## Task objective
Your reply must hold the lines from the one containing "Hex #edbb98 Color" to the end of the entries, copied exactly, with pictures excluded.

## Data for processing
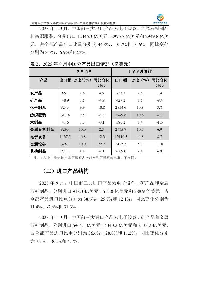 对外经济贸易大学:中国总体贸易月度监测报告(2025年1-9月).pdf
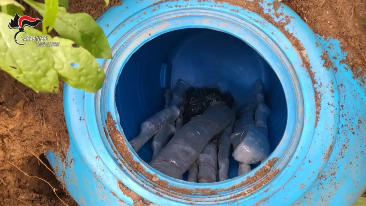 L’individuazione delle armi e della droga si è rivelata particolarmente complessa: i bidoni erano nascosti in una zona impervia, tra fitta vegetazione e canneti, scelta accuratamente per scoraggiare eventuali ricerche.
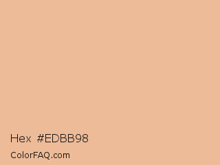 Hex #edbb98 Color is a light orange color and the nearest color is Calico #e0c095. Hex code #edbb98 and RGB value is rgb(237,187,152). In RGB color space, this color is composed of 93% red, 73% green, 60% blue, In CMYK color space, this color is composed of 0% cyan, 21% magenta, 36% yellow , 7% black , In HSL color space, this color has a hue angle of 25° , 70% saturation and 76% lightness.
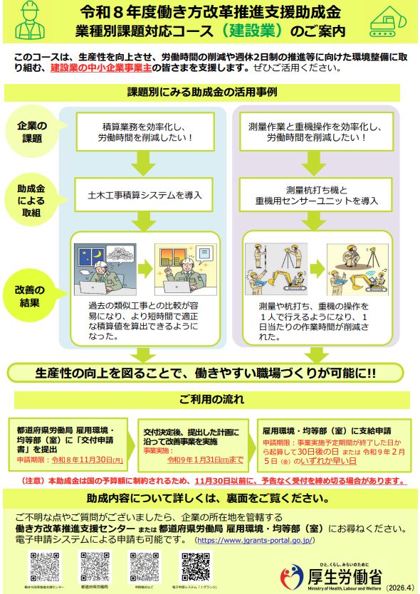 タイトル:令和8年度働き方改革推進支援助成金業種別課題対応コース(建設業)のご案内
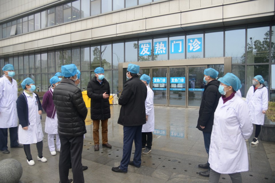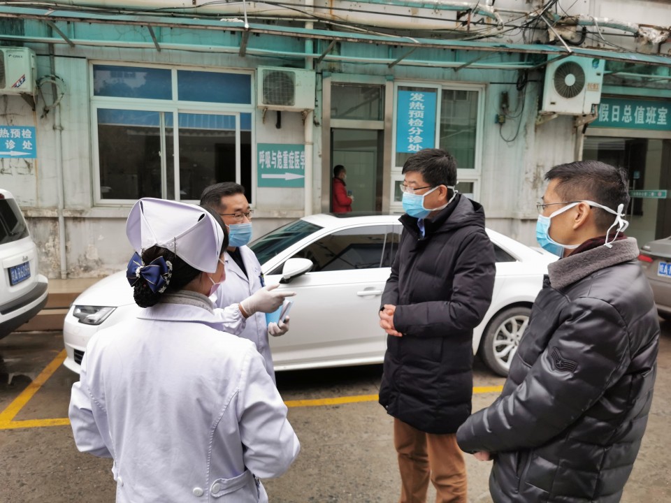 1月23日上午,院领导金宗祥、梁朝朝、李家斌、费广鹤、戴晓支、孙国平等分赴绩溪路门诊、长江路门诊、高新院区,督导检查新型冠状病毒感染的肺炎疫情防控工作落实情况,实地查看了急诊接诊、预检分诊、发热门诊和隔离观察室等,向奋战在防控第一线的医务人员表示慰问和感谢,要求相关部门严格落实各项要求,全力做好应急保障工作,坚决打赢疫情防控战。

## Solution below
 Hex #edbb98 Color is a light orange color and the nearest color is Calico #e0c095. Hex code #edbb98 and RGB value is rgb(237,187,152). In RGB color space, this color is composed of 93% red, 73% green, 60% blue, In CMYK color space, this color is composed of 0% cyan, 21% magenta, 36% yellow , 7% black , In HSL color space, this color has a hue angle of 25° , 70% saturation and 76% lightness.
 タイトル:令和8年度働き方改革推進支援助成金業種別課題対応コース(建設業)のご案内
 1月23日上午,院领导金宗祥、梁朝朝、李家斌、费广鹤、戴晓支、孙国平等分赴绩溪路门诊、长江路门诊、高新院区,督导检查新型冠状病毒感染的肺炎疫情防控工作落实情况,实地查看了急诊接诊、预检分诊、发热门诊和隔离观察室等,向奋战在防控第一线的医务人员表示慰问和感谢,要求相关部门严格落实各项要求,全力做好应急保障工作,坚决打赢疫情防控战。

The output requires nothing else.